» **Dataset extract**:
****************************************

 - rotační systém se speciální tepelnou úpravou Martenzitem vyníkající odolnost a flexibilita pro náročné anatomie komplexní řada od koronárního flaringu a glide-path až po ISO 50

****************************************

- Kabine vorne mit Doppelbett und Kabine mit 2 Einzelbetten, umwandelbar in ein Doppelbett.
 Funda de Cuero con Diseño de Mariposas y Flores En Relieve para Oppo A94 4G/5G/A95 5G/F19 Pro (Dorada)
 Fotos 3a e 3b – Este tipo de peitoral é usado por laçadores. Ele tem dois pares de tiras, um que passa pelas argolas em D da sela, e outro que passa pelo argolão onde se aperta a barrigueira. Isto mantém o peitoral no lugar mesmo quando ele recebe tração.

****************************************

» **Exercise prompt**:
With the line that has "Funda de Cuero" as the first and the line that has "Fotos 3a e 3b" as the last, repeat exactly that run of lines above and no more.

» **Written reply**:
 Funda de Cuero con Diseño de Mariposas y Flores En Relieve para Oppo A94 4G/5G/A95 5G/F19 Pro (Dorada)
 Fotos 3a e 3b – Este tipo de peitoral é usado por laçadores. Ele tem dois pares de tiras, um que passa pelas argolas em D da sela, e outro que passa pelo argolão onde se aperta a barrigueira. Isto mantém o peitoral no lugar mesmo quando ele recebe tração.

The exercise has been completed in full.